What does the biggest free trade deal in history mean for the environment?
By Karl Mathiesen. theguardian.com, Friday 14 March 2014 12.32 GMT
What free trade advocates say: The US says the deal would “significantly reduce the cost of differences in regulations and standards by promoting greater compatibility, transparency, and cooperation, while maintaining our high levels of health, safety, and environmental protection”.
In the UK, all three major parties are backing the proposal. John Healey, Labour MP on cross-party committee for trade told parliament last month: “The size of our combined economies and the scale of the potential deal mean that [TTIP] could set standards for future agreements with other countries on consumer safeguards, workers’ rights, environmental protection, trade rules and legal process.”

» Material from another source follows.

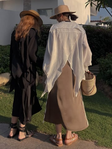 新鮮なアジアンテイストが魅力の個性的なアウターシャツが登場しました。襟付きの長袖デザインで、肩から流れるアシンメトリーなカッティングとバックシャンが特徴的。前後差があるバックコンシャスなデザインで、バーベキューやアウトドア、リゾート地でのおしゃれな着こなしにぴったりです。透け感のある薄手素材が夏らしさをアップし、大人可愛さやこなれ感を演出します。無地のホワイトとブラックのモノトーンカラーは、コーディネートしやすく幅広い年代に愛されています。S.M.Lのサイズ展開で、ゆったりとした着心地が魅力の一つ。ビーチやプール、お揃いで双子コーデもおすすめです。カジュアルからちょっとフェスティバルな雰囲気を演出する、思いきったファッションに挑戦したい方に是非おすすめしたい一着です。

Coalition government minister Ken Clarke said today:
“We are negotiating on the basis that the deal should simplify regulatory procedures to avoid duplication but be neutral on overall standards of protection for the environment. It should leave untouched the ability of governments to set their own standards whilst addressing protectionist measures and at the same time ensuring investors can seek compensation where they face unfair expropriation.”
EU commissioner De Grucht said last month:
Standards are already being set by our different regulatory agencies on both sides of the Atlantic, not by TTIP negotiators.
What we aim to achieve in TTIP is that these regulatory agencies coordinate more closely with each other:
...so that where safety levels are similar, double testing and double inspections can be avoided in future to save companies money.
....and, so that future differences in regulation can be avoided before they become a trade hurdle for companies, especially for SMEs.
That also means: yes, there will be areas where we will not be able to agree. That’s ok.
What are the environmental concerns?
TTIP’s environmental credentials have been challenged by a broad coalition of green groups. Investor-state dispute resolution is the major bogeyman for these groups.
TTIP includes a proposed mechanism for corporations to take countries to an international tribunal to seek compensation if their economic interests have been compromised by state regulations. Corporate Europe Observatory raised a number of concerns about how these supra-national courts might affect decision-making and reduce environmental standards.
The first is that Member States will be afraid to introduce new and effective legislation that may have positive social and environmental impacts but which risks upsetting our trade partners. Companies will be quick to seek arbitration if they believe their commercial interests are compromised. As a consequence of this ‘chilling’ effect, Member States will only introduce legislation if they are sure that they will not be sued.
The second concern is the cost for Member States. The arbitration panels over these disputes may have the ability to levy crippling fines in line with “potential” profit loss. One can easily see how smaller Member States would effectively handover sovereignty to multinationals as fines could be equal to a significant proportion of GDP.
The third concern is why the independent dispute mechanisms are needed in the first place. Existing EU commercial and single market laws are overseen by myriad court jurisdictions, including the European Court of Justice set up under the European Treaties. Why the need for something operating outside these conventional arrangements?
A European Commission report found that:
If TTIP contains broadly worded investment protection clauses, ISDR could hamper the EU and Member States in efforts to establish regulations seeking to protect their citizens or the environment.